Um belo dia eu estava no estúdio e lá vem o Zé espreitar algumas das minhas fotos enquanto eu editava, no computador:
– Nego, e essa foto aí? Volta, volta. Essa.
– Ah, são uns moleques jogando futebol depois da chuva lá na rua da minha vó. Mas eu gosto mais dessa aqui.
– Não, essa não. A foto é aquela que te mostrei. Inscreve ela num concurso.
Dito e feito. Eu não conseguia acreditar quando li o e-mail de que havia ganhado o segundo lugar na categoria esportes do POYi Latam – Pictures of The Year International Latinoamerica. Tava lá meu nomezinho ao lado de gente graúda como Alejandro Kirchuk, Mauricio Lima e Tomás Munita. A partir desse momento, muitas outras portas se abriram. Mas foi um tal de Zé que me deu as cópias de suas chaves e assim destranquei a primeira de tantas fechaduras.
Valeu Mestre.
Lucas Ninno tem 28 anos, é natural de Cuiabá, e começou a fotografar profissionalmente em 2010, trabalhando nos impressos Diário de Cuiabá e Circuito Mato Grosso. Em 2013 mudou-se para o Chile, onde colaborou como fotojornalista na centenária agência de notícias UPI - United Press International.
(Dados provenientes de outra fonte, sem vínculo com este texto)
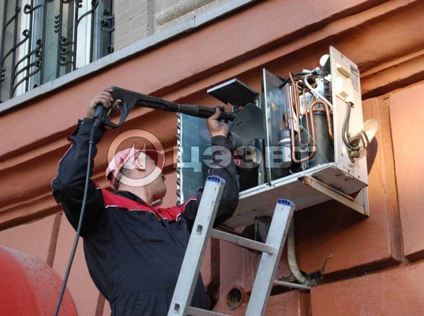 Самая трудная задача в самостоятельной очистке кондиционера – это расположенный снаружи внешний блок. Сложность заключается в том, что он может находится на высоте нескольких этажей. В этом случае требуется вызывать специалистов по работе с климатическим оборудованием. К счастью чистить наружную часть требуется всего 1 раз в год.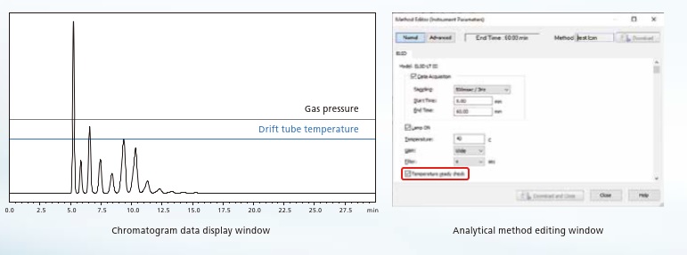 Featuring a unique nebulizer and drift tube design, the ELSD-LT III can efficiently evaporate samples even at low temperatures just by injecting a fine mist of mobile phase into the drift tube. As a result, it can detect both non-volatile and semi-volatile substances.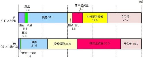 日米の資産配分比較(年金基金)  出所:日本銀行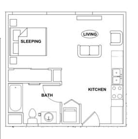 Estudio, 1 Baño, 465 pies²Disponible AhoraGalería del Modelo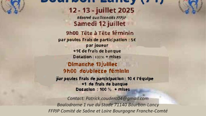 Week-end Bourbon Lancy 12 13 14 Juillet 20 juin 2025 pascal D Non classé 0 Suite à de nombreuses demandes le Club de Bourbon Lancy à ajouter deux concours départementaux pour les féminines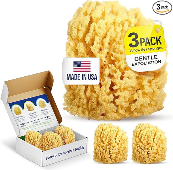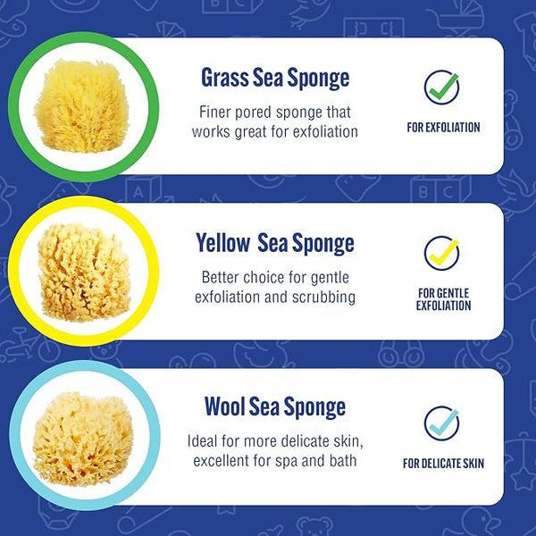 Our Yellow Sea Sponge is harvested from the ocean, offering a unique, soft texture. It's more absorbent and softer than synthetic sponges, ensuring a more natural and gentle wash for your baby.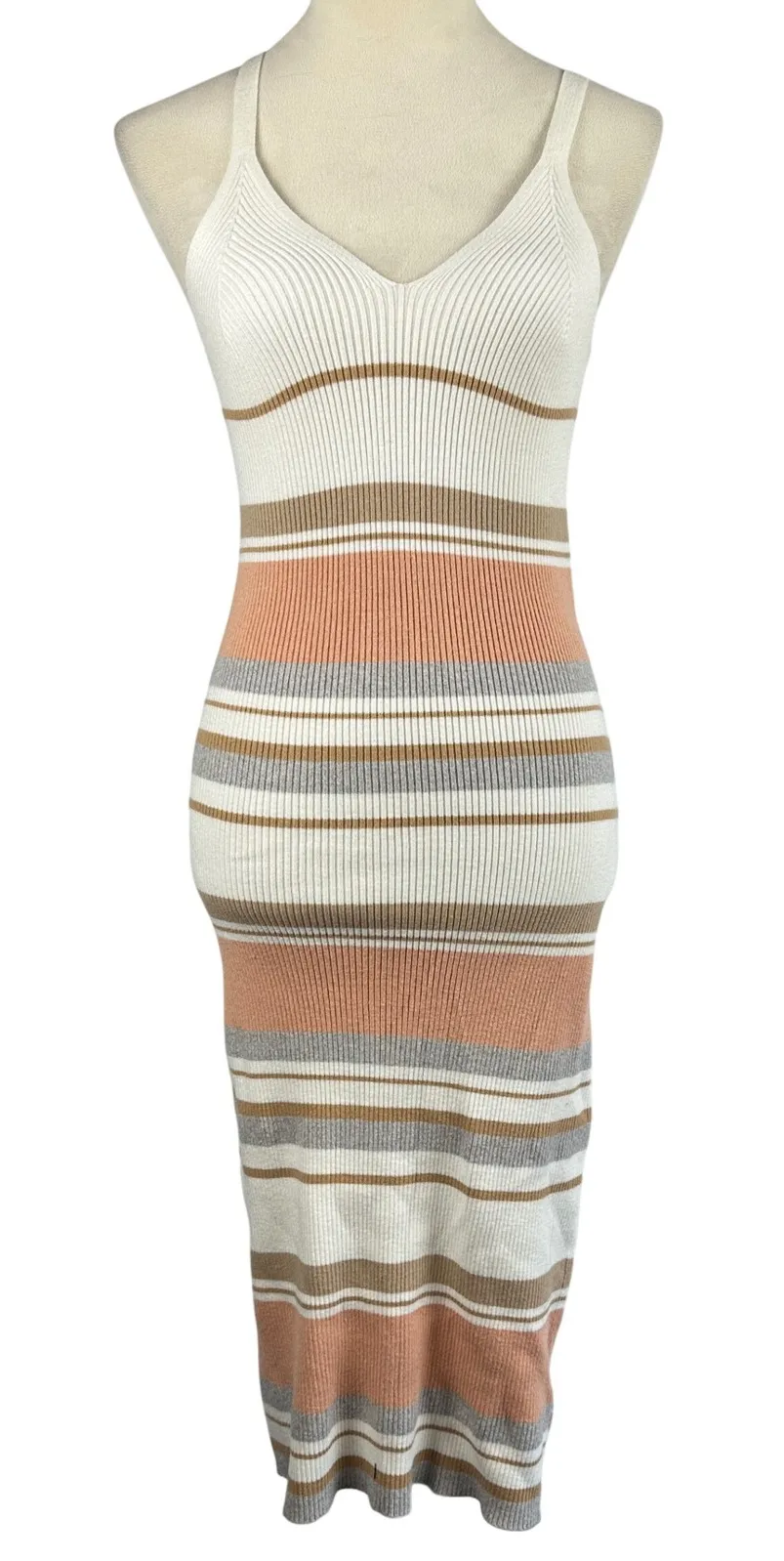 Embrace effortless chic with this stunning Willow & Wind midi dress, designed to flatter your silhouette. The vibrant striped pattern, featuring warm earthy tones and a playful coral hue, dances across a fine ribbed knit fabric that feels incredibly soft against your skin. Delicate spaghetti straps lead to a flattering V-neckline, while the bodycon fit gently hugs your curves, creating a sophisticated and alluring look. This versatile piece is perfect for a sunny brunch with friends, a stylish evening out, or even a casual beach getaway. Gently used. Keywords: Willow & Wind dress, striped midi dress, ribbed knit dress, bodycon dress, spaghetti strap dress, v neck dress, women's fashion, summer dress, casual dress, evening dress, knit dress, colorblock dress, sophisticated dress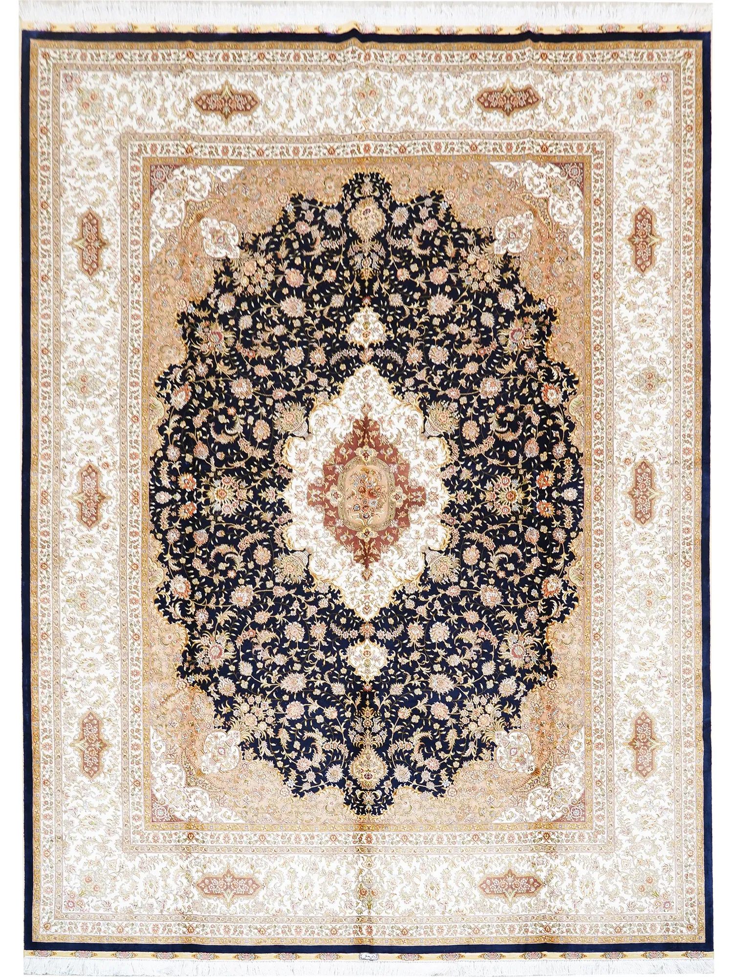 天匠手作の本物シルクラグ - 深い青色のリビング・寝室用、イラン製ペルシャカーペット(310x430cm)。高級感溢れるデザインで、贅沢な空間を演出します。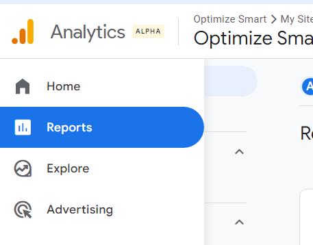 - Click on the ‘Reports’ link from the left-hand side navigation menu in your GA4 property.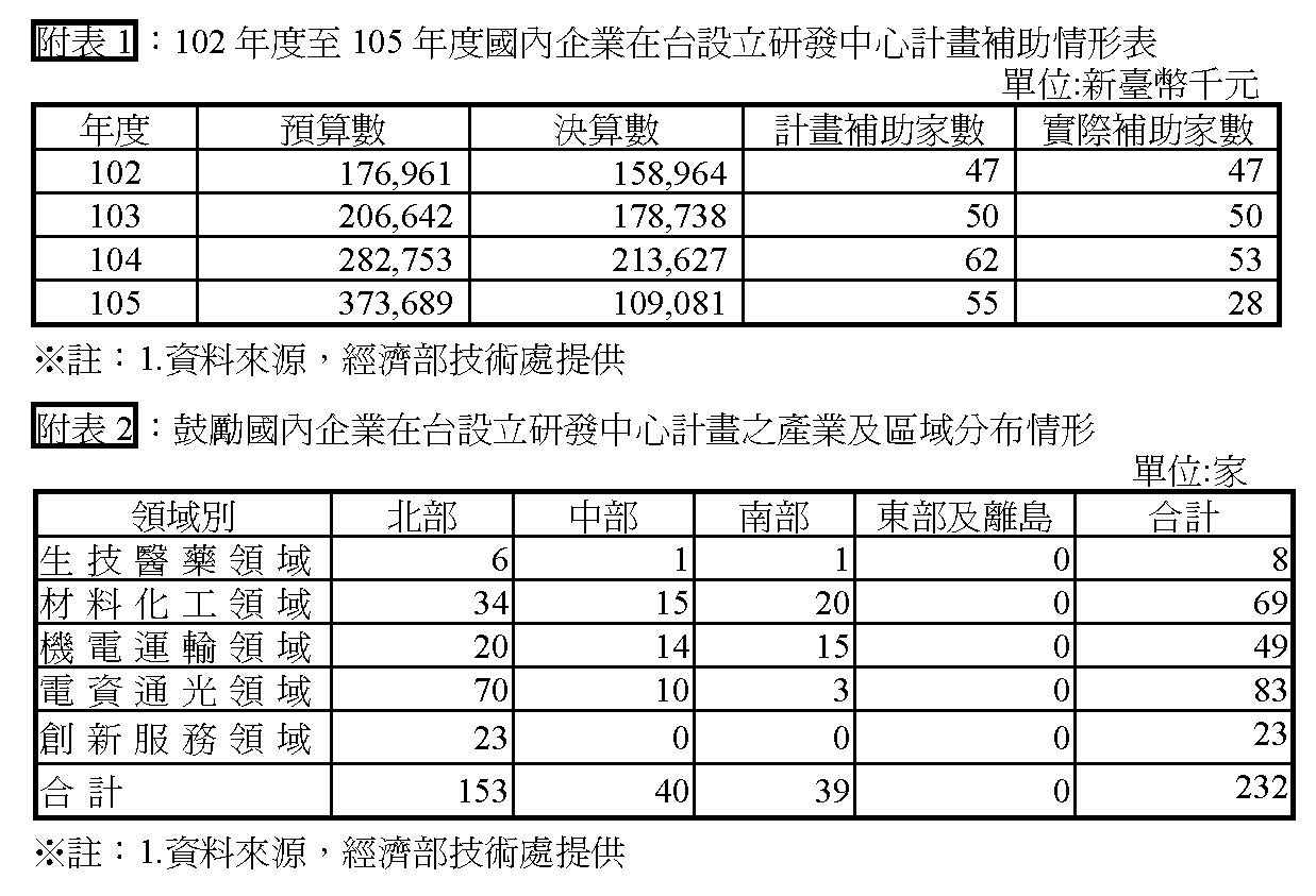 經濟部技術處106年度預算案於「科技專案」項下編列166億8,661萬8千元,其中業學界科專計畫預算編列29億4,664萬1千元,包括:A+企業創新研發淬鍊計畫(前瞻技術研發計畫、整合型研發計畫、鼓勵國內企業在臺設立企業研發中心計畫、全球研發創新夥伴計畫、其他專案類計畫)及產學研價值創造計畫等。經查:(一)鼓勵國內企業在台設立研發中心計畫補助情形:為鼓勵國內企業研發創新,並將企業核心研發成果留於台灣,經濟部技術處自90年開始推動「鼓勵國內企業在台設立研發中心計畫」,通過計畫申請之企業,每年度最高可獲得政府500萬元補助,計畫執行期間以3年為限,希望藉由此計畫之執行,幫助達成發展高科技與高附加價值產業之目標願景。查該計畫102年度至104年度決算數分別1億5,896萬4千元、1億7,873萬8千元、2億1,362萬7千元;補助家數分別為47家、50家、53家。(二)鼓勵國內企業在台設立研發中心計畫允宜避免產業及區域發展差距擴大:1.查國內企業在台設立研發中心計畫截至105年7月底止,分布之各產業領域為電資通光領域83家(占35.78%)、材料化工69家(占29.74%)、機電運輸49家(占21.12%),偏重在電資通光領域。另分布區域以北部153家(占65.95%)居冠、次為中部40家(占17.24%)、南部39家(占16.81%)、東部及離島為0,存在明顯區域差距。2.若再細分各產業之區域分配情形,創新服務領域之區域差距最為明顯,全部集中在北部,恐使我國服務業區域發展嚴重失衡之現狀,更為雪上加霜;另電資通光領域超逾8成集中在北部(占84.34%)、生技醫藥亦高達7成5集中在北部。3.鼓勵國內企業在台設立研發中心計畫執行結果存有產業及區域差距,究其原因雖主要為產業群聚效應,惟產業分布偏重在電資通光領域,恐導致我國產業結構過度集中之趨勢更形嚴重。另南北、東部及離島資源分配不均之問題由來已久,人口與工商產業均集中於北部地區,產業與經濟活動之磁吸效應,人才、資源與資金往北部區域移動,鼓勵國內企業在台設立研發中心計畫執行結果之區域差距,恐導致區域之產業發展更加失衡。綜上,鼓勵國內企業在台設立研發中心計畫執行結果偏重在電資通光領域,並集中北部區域,長期以往,將使產業結構及區域發展更加失衡。為落實本院預算監督,及督促經濟部正視「國內企業在台設立研發中心計畫執行結果存有產業及區域差距,將導致區域之產業發展更加失衡」之缺失,爰要求經濟部再三個月內提出之檢討報告及改進措施,向經濟委員會提出專案告。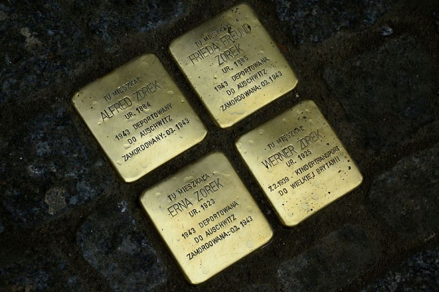 Pomysłodawcą upamiętniania w ten sposób ofiar nazizmu jest Gunter Demnig, niemiecki artysta, który realizuje swoją ideę od początku lat 90-tych XX wieku. Dzisiaj zamontował we Wrocławiu, w chodnikowym bruku, przed kamienicą na ul. Jedności Narodowej 95, cztery kamienie pamięci, poświęcone osobom, które mieszkały tutaj przed oraz w czasie II wojny światowej. Była to rodzina Zorków, która prowadziła w kamienicy sklep tytoniowy. Troje z nich trafiło w marcu 1943 roku do obozu koncentracyjnego w Auschwitz, gdzie zostali zamordowani. Z zawieruchy wojennej uratował się tylko Werner Zorek, który 7 lutego 1939 roku został wywieziony do Wielkiej Brytanii, w ramach akcji Kindertransport, zorganizowanej przez rząd brytyjski.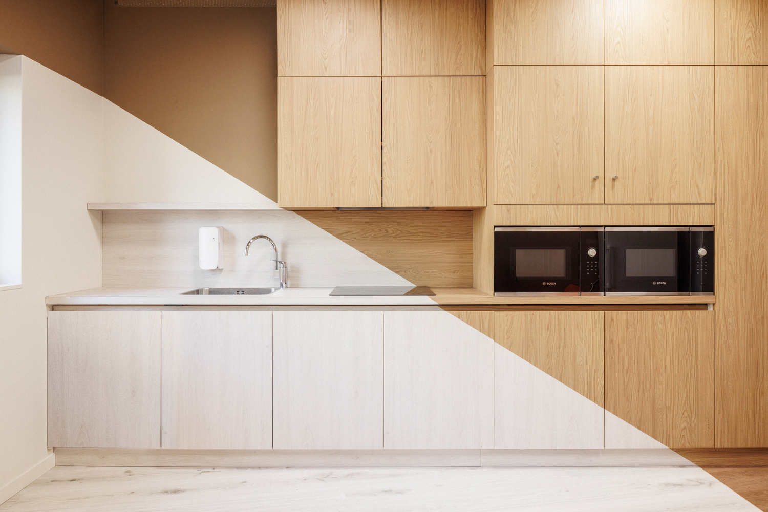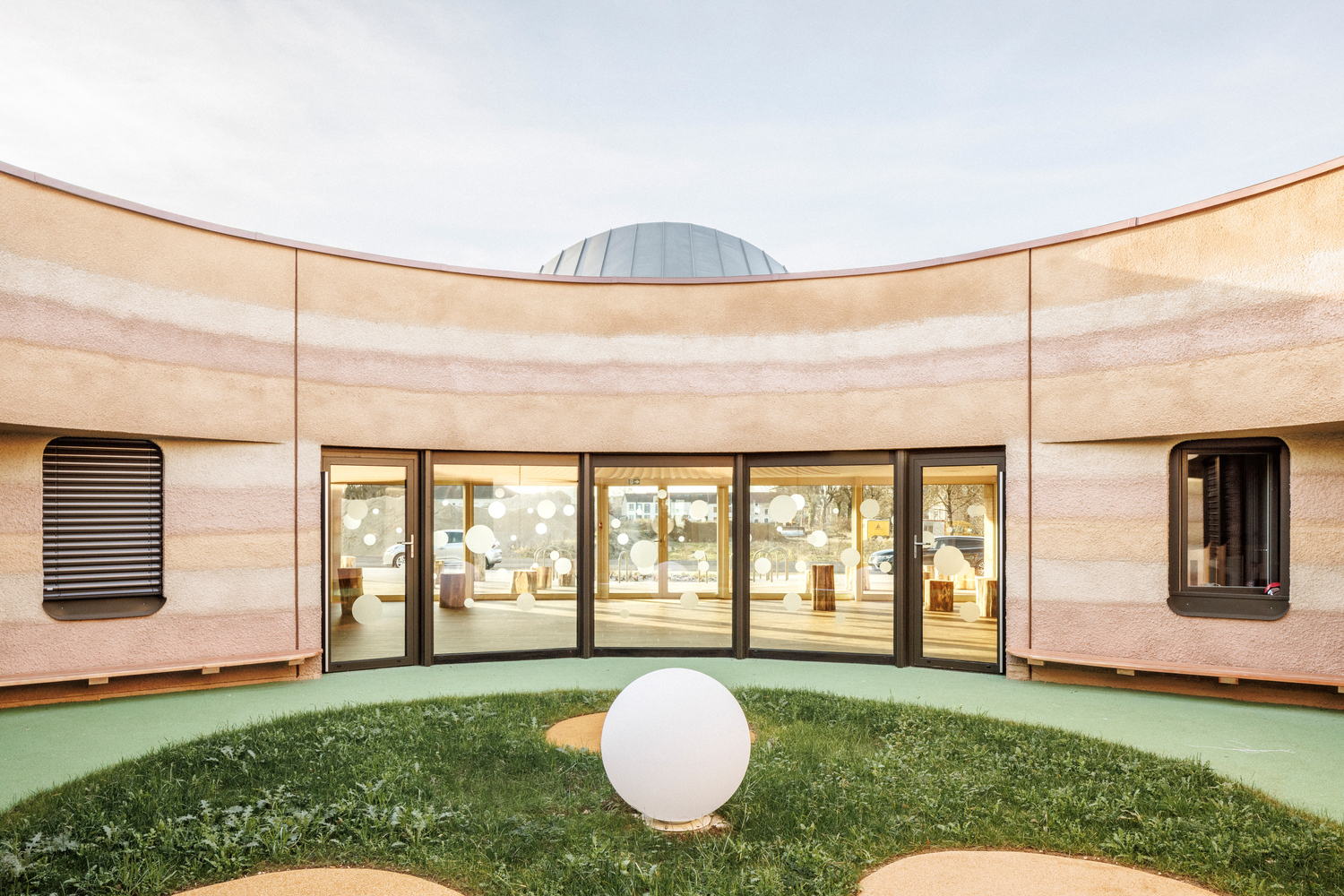 Implantado en un antiguo terreno militar, donde la ciudad parece desvanecerse, este equipamiento educativo se concibe desde la libertad y la restricción simultáneas: un paisaje abierto sin referencias inmediatas y un lote acotado frente a un programa exigente. La respuesta arquitectónica se articula desde la racionalidad, dando forma a un edificio compacto que prioriza la eficiencia espacial y la claridad organizativa. El proyecto adopta un principio de hiperfuncionalidad, eliminando prácticamente los pasillos y organizando los espacios mediante una lógica radial. Las salas principales se rodean de recintos auxiliares dispuestos como pétalos, generando continuidad visual y proximidad funcional. En el centro, un espacio común articula la vida colectiva, mientras cada acceso lateral identifica grupos etarios específicos. Esta configuración no solo optimiza el uso del espacio, sino que fomenta la interacción y permite una supervisión constante, convirtiendo la arquitectura en una herramienta pedagógica en sí misma. Hacia el exterior, el edificio se presenta como un volumen pétreo, casi geológico, que emerge del suelo. Sus fachadas, concebidas como estratos minerales, envuelven y protegen los patios interiores, generando un contraste entre la dureza exterior y la calidez del interior. Esta dualidad —refugio y apertura— define una arquitectura que, más allá de su función, construye un entorno seguro, continuo y profundamente ligado a la experiencia colectiva de habitar.

Suas fotografias já foram premiadas em concursos como o Pictures of The Year International - Latinoamérica nos anos de 2011 e 2013 e o Lente Latino 2011, onde figurou como único brasileiro participante da exposição resultante, ocorrida no Museo Nacional de Bellas Artes, em Santiago. Participou também de exposições nacionais como a Exposição Coletiva dos Fotógrafos do Centro-Oeste, no Museu Nacional em Brasília, nos anos de 2013 e 2016, e internacionais, como a China 16th International Photographic Art Exhibition, em 2016, na cidade de Zhengzhou. Com um estilo de ]fotografia que transita entre o documental e o contemporâneo, Ninno tem a América Latina como residência, identidade e objeto de estudo.